24. CONSTRUCTION OF TITLES
24.1 The titles of the Paragraphs and Sections of this Agreement are for convenience only and are not to be used in construing or interpreting this Agreement.
25. ENTIRE AGREEMENT
25.1 This Agreement, which includes all referenced Appendices and other addenda, constitutes the entire agreement and understanding between Dynamic Channels and Listing Partner relating to the marketing, sublicensing, and support of the Systems. Any previous proposals or statements, whether oral or written, are hereby superseded. This Agreement may not be amended or modified except by a writing which specifically references this Agreement and is signed by authorized representatives of Dynamic Channels and Listing Partner.
TO THE MARKETPLACE LISTING AGREEMENT
DESCRIPTION OF THE PRODUCT
All products listed on the Dynamic Channels Marketplace, posted by the Listing Partner.

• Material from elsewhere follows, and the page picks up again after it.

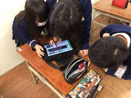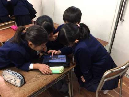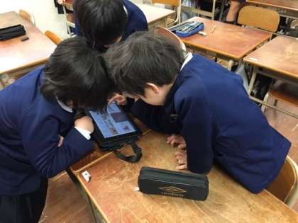 2年生が国語の時間にタブレットを使って昔話について調べていました。グループで1台ずつ使い、友だちと協力しながら調べることができていました。

Listing Partner shall pay Dynamic Channels a Margin or Referral Fee in the amount of the % agreed by Listing Partner and Dynamic Channels for relevant Products and Services of Listing Partner sold by Listing Partner from direct referrals by Dynamic Channels from the Marketplace or by Partner and Affiliates referred to Listing Partner by Dynamic Channels.
Listing Partner will make available to Dynamic Channels and Affiliate Marketers, at zero cost or at other costs as agreed, education on the Products:
Listing Partner will pay the amounts noted below for the additional listings:
Basic Listing Posting Fee – First Product Posted is FREE of listing fee.
Additional Product Posting Fee – at the rates agreed
TO THE MARKETPLACE LISTING AGREEMENT
Dynamic Channels will engage in efforts and investments to actively market and sell the Products through the Dynamic Channels Marketplace (https://www.dynamicchannels.expert/marketplaces) and the Affiliate Marketers licensed by it. These efforts typically include the following:
a. List the Product in the on the Marketing site and in the e-commerce order entry system of the Dynamic Channels Marketplace.
b. Review and vet the marketing material to ensure they meet the standards of the Dynamic Channels Marketplace.
c. At Dynamic Channels' option and election, provide support for additional marketing campaigns to promote the Products to the Dynamic Channels Marketplace target market.
d. At Dynamic Channels' option and election, inform, through e-mail notification, the Dynamic Channels Marketplace representatives and End Users of the availability of the Product.